*TASK REQUIREMENTS*: Restate the data below word for word, omitting pictures.

*DATA*:

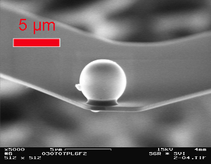 Model silica particle glued to an AFM cantilever for adhesion force measurements in water.To ascertain the nature of this additional short range force, we have used second harmonic generation to demonstrate that there is no UV induced trapping of surface charges. With ambient pressure X-ray photo-electron spectroscopy, we have also shown that UV irradiation does not generate more surface OH groups. This short range repulsive force appears to be intrinsic to the clean TiO2 surface and should therefore be ascribed to surface hydration. In any case, it is certainly a key phenomenon for a strong self-cleaning capacity.
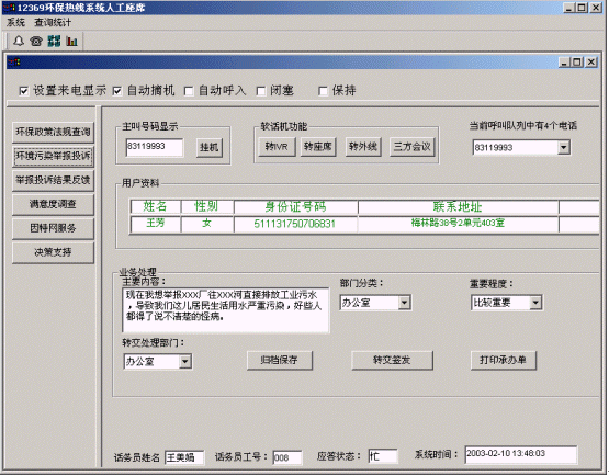 12369環(huán)保熱線系統(tǒng)將接入功能、導(dǎo)航功能、自動(dòng)語(yǔ)音查詢(xún)功能、人工座席服務(wù)功能、話路轉(zhuǎn)接功能、信息資料處理緊密聯(lián)系起來(lái)。用戶(hù)撥打特服電話號(hào)碼后,可以根據(jù)需要選擇人工服務(wù)、自動(dòng)語(yǔ)音查詢(xún)、自動(dòng)留言,并能夠在幾種服務(wù)中來(lái)回切換或轉(zhuǎn)接其它電話;所記錄的資料可以分門(mén)別類(lèi)的進(jìn)行統(tǒng)計(jì)并形成報(bào)表,供相關(guān)部門(mén)進(jìn)行檢索查閱;意見(jiàn)處理完畢,可由座席主動(dòng)呼叫用戶(hù),告知處理意見(jiàn),形成閉環(huán)處理流程。
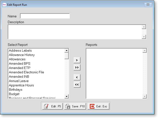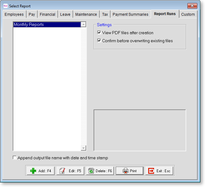 A report run is a way of grouping reports together to process several at a time. This saves the repetitive task of having to navigate to, set up, preview, and print the same reports for pay after pay, from the report selection window.
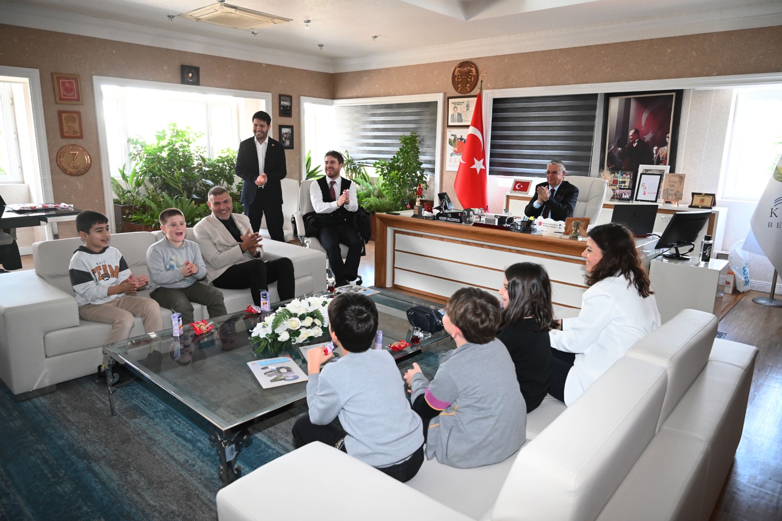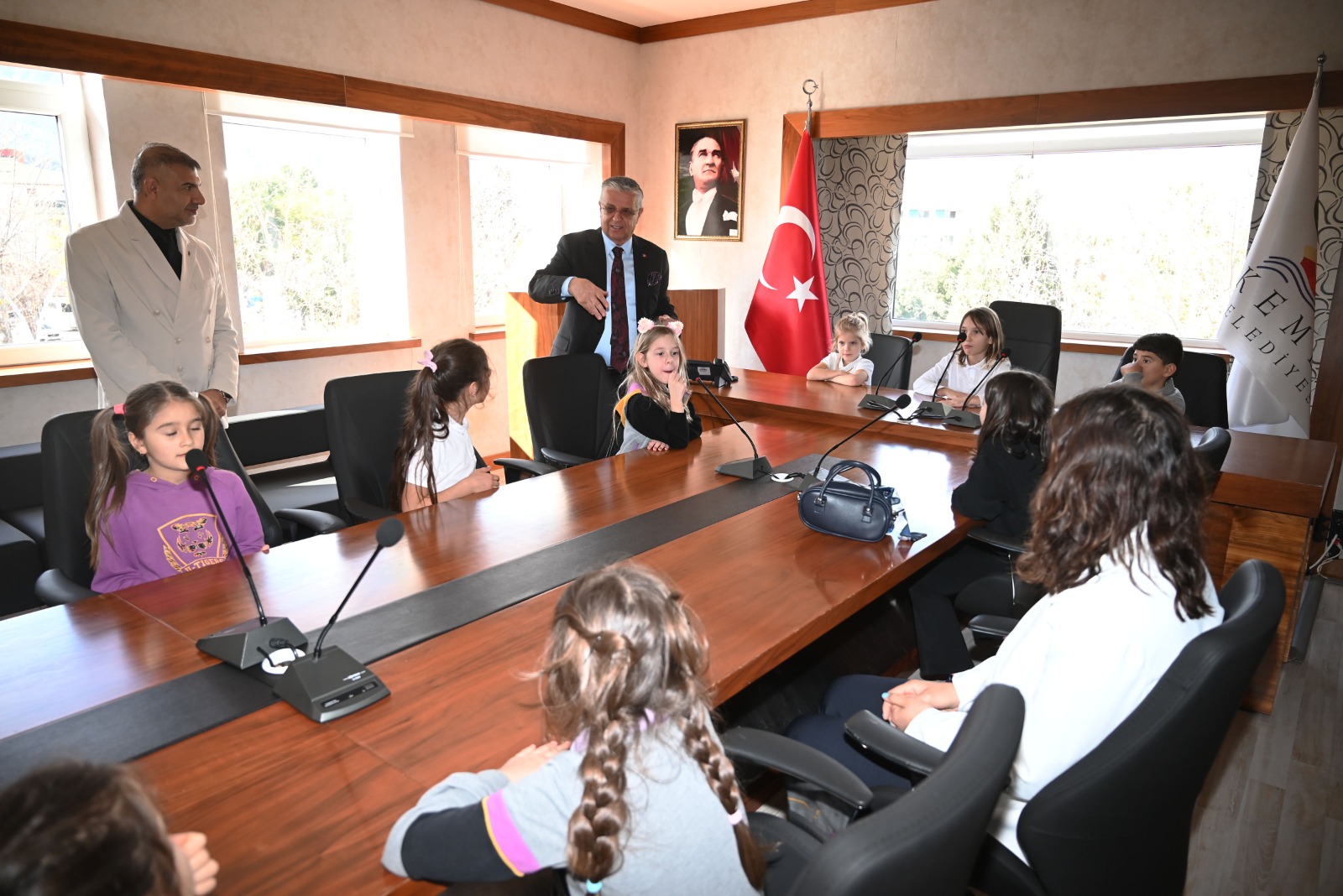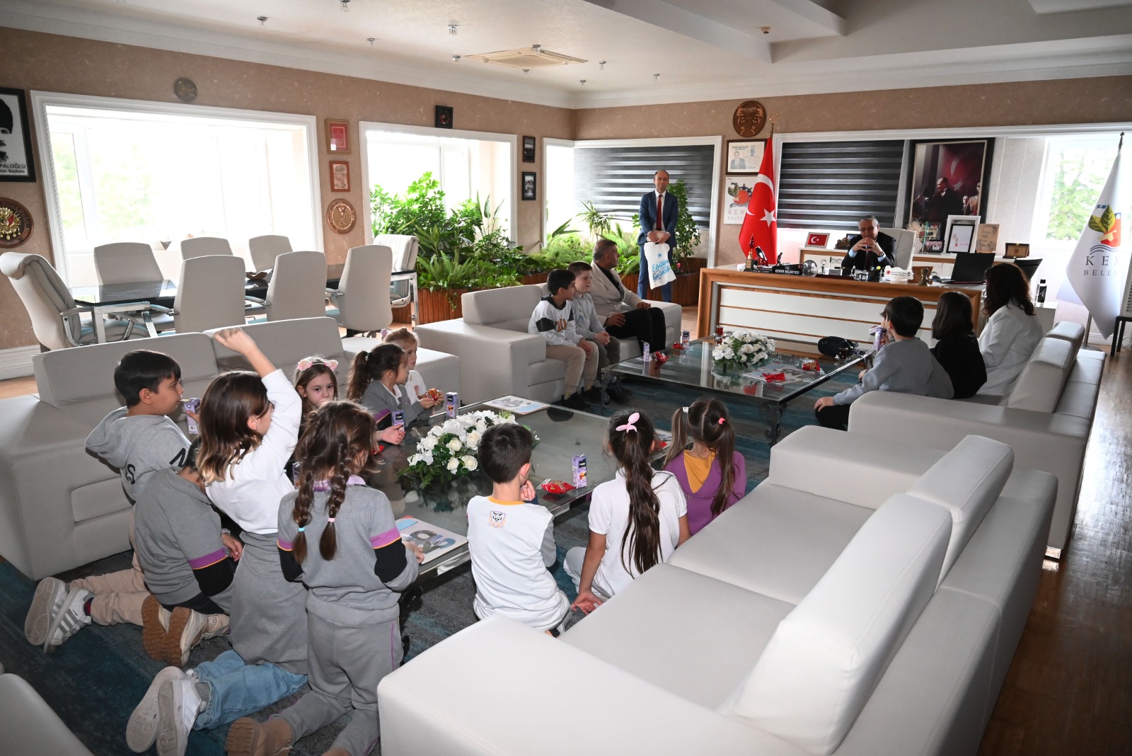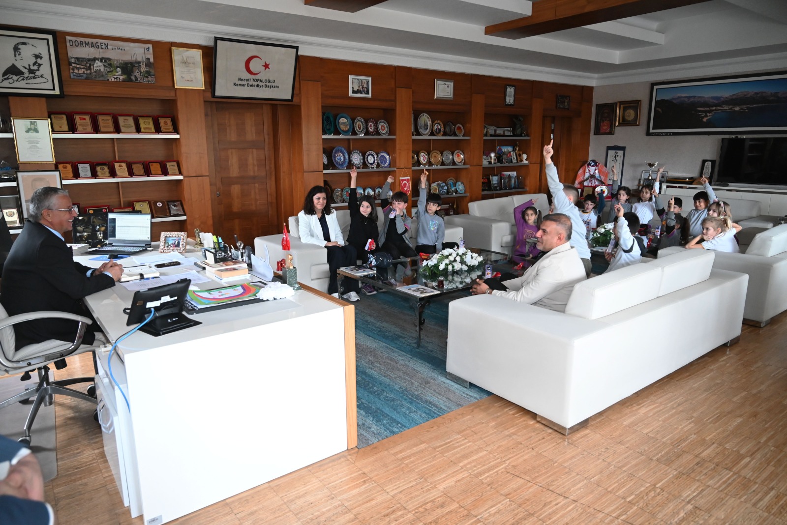 Özel Uğur Okulları Kemer Şubesi 2/A sınıfı öğrencileri, okul müdürü İdris Bayram ve Sınıf öğretmeni Semra Akçağlayan eşliğinde Kemer Belediye Başkanı Necati Topaloğlu'nu ziyaret ederek merak ettikleri soruları sordu.

*YOUR RESPONSE*:
 Model silica particle glued to an AFM cantilever for adhesion force measurements in water.To ascertain the nature of this additional short range force, we have used second harmonic generation to demonstrate that there is no UV induced trapping of surface charges. With ambient pressure X-ray photo-electron spectroscopy, we have also shown that UV irradiation does not generate more surface OH groups. This short range repulsive force appears to be intrinsic to the clean TiO2 surface and should therefore be ascribed to surface hydration. In any case, it is certainly a key phenomenon for a strong self-cleaning capacity.
 12369環(huán)保熱線系統(tǒng)將接入功能、導(dǎo)航功能、自動(dòng)語(yǔ)音查詢(xún)功能、人工座席服務(wù)功能、話路轉(zhuǎn)接功能、信息資料處理緊密聯(lián)系起來(lái)。用戶(hù)撥打特服電話號(hào)碼后,可以根據(jù)需要選擇人工服務(wù)、自動(dòng)語(yǔ)音查詢(xún)、自動(dòng)留言,并能夠在幾種服務(wù)中來(lái)回切換或轉(zhuǎn)接其它電話;所記錄的資料可以分門(mén)別類(lèi)的進(jìn)行統(tǒng)計(jì)并形成報(bào)表,供相關(guān)部門(mén)進(jìn)行檢索查閱;意見(jiàn)處理完畢,可由座席主動(dòng)呼叫用戶(hù),告知處理意見(jiàn),形成閉環(huán)處理流程。
 A report run is a way of grouping reports together to process several at a time. This saves the repetitive task of having to navigate to, set up, preview, and print the same reports for pay after pay, from the report selection window.
 Özel Uğur Okulları Kemer Şubesi 2/A sınıfı öğrencileri, okul müdürü İdris Bayram ve Sınıf öğretmeni Semra Akçağlayan eşliğinde Kemer Belediye Başkanı Necati Topaloğlu'nu ziyaret ederek merak ettikleri soruları sordu.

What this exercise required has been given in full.